Data supplied »
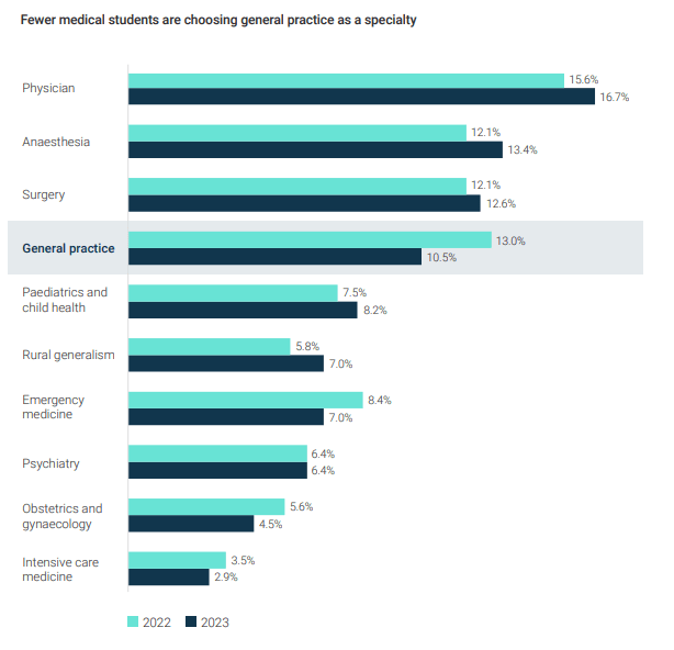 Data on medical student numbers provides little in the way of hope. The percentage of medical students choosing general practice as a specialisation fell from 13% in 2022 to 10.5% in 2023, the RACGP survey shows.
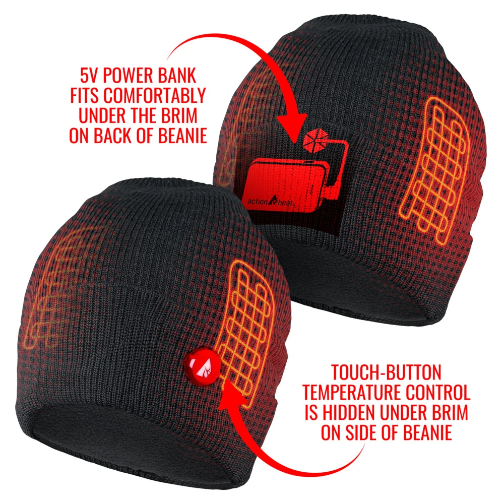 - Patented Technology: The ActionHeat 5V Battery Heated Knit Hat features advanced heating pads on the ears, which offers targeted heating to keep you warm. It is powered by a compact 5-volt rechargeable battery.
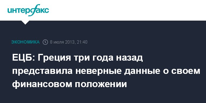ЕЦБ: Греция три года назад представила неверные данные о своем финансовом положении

* * *

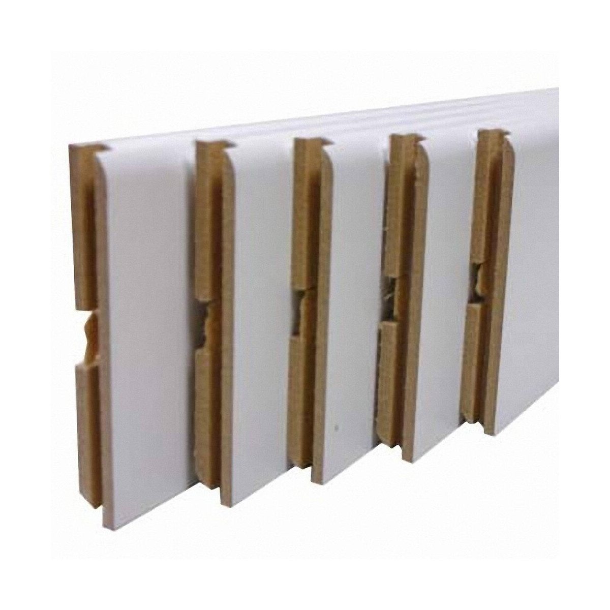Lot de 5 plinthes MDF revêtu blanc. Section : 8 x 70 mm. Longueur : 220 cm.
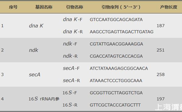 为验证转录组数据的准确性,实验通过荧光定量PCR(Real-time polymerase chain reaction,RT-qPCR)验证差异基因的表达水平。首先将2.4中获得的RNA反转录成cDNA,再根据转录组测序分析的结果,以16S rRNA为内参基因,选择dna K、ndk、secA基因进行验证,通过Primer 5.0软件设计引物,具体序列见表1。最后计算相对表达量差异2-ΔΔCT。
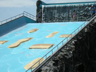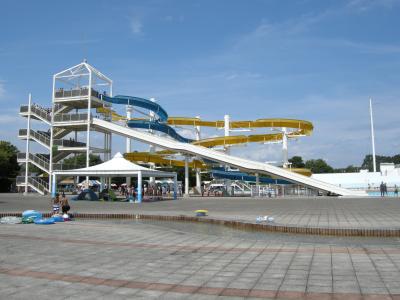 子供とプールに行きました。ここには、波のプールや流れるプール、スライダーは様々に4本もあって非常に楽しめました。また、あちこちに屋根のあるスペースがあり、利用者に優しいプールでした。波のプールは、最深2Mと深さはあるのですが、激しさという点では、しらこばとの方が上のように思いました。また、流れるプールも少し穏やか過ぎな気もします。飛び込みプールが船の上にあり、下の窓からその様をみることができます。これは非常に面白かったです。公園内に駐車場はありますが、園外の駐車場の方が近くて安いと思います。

Exercise goal » Would you copy, word for word, only the lines above from the one containing "Data on medical" through the one containing "ЕЦБ: Греция три", both included, and please leave out the pictures?

Solution »
 Data on medical student numbers provides little in the way of hope. The percentage of medical students choosing general practice as a specialisation fell from 13% in 2022 to 10.5% in 2023, the RACGP survey shows.
 - Patented Technology: The ActionHeat 5V Battery Heated Knit Hat features advanced heating pads on the ears, which offers targeted heating to keep you warm. It is powered by a compact 5-volt rechargeable battery.
ЕЦБ: Греция три года назад представила неверные данные о своем финансовом положении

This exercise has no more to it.